Alexander Taguiltsev
Russian Federation
Local time: 23:20
English translation:See comments below...
Explanation:
In neither case could it be said categorically that either version was wrong, but there can be nuances of meaning or feeling.

For your first example, my very slight preference would be for your second version; my reason being simply that here the verb 'to pull out' is being used as a synonym for 'withdraw', and hence I think it works best used inseparably.

If the question were: "in what direction do you pull the belt?", then the answer would be "out", and hence you first version would be better; "Pull the belt out through the hole and push it back in agaian the other side"

In your second example, I think I slightly prefer the second version — except that in neither case would I personally choose the adverb 'completely'.

One might rephrase it as "Pull the platform all the way out", and so I would prefer to keep the verb as separable, regardless of which adverb you use. Here, it is definitely a case of "in what direction do you pull it? — outwards", and hence I think the 'out' belongs at the end. Here, it does not have the sense of 'withdraw' in the meaning 'remove'.

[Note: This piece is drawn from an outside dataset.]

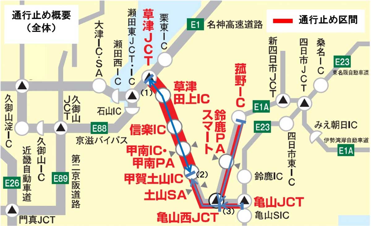 NEXCO中日本とNEXCO西日本は3月23日(月)・24日(火)、新名神・甲賀土山IC~草津JCT(上下線)、菰野IC~甲賀土山IC(下り線)、亀山JCT~亀山西JCT(下り線)を夜間通行止めにする。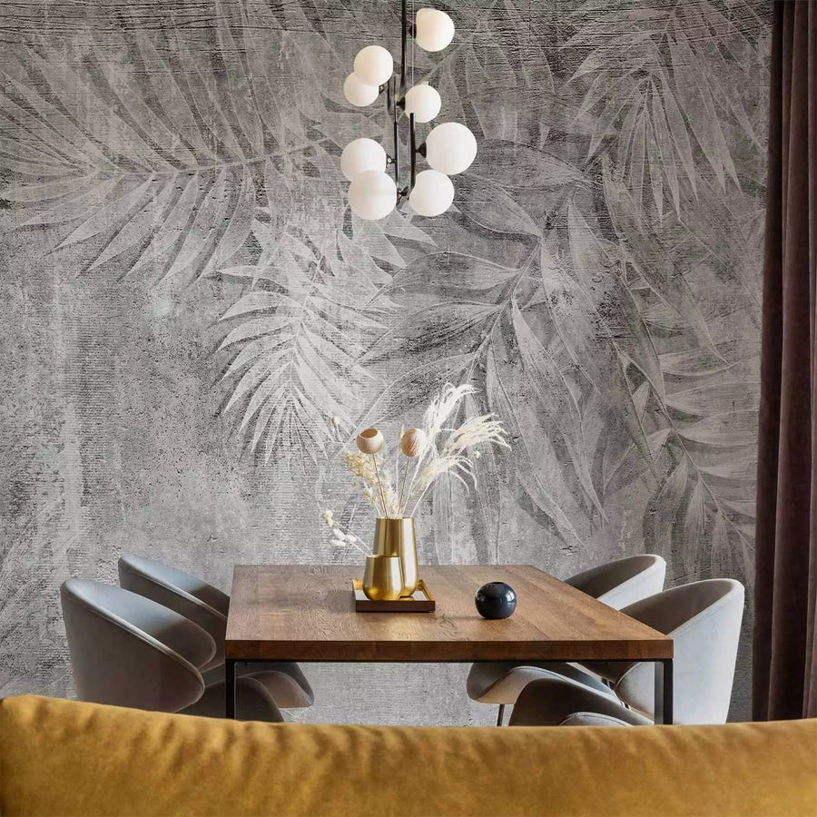 Fototapetes ar stilizētām tropu lapām, betona faktūra, 137856 G-ART

--------------------------------------------------
Note added at 2 hrs (2007-03-30 14:43:36 GMT)
--------------------------------------------------

It would be naïve in the extreme to assume that there is any simple, hard-and-fast rule to deal with the whole thorny field of English phrasal verbs. Some are always separable, some are never separable, and some can be either — sometimes, but not always, with some nuance of meaning. Handling them confidently and instinctively is one of the things that marks out an English native speaker and their work — and very often betrays a non-native hand!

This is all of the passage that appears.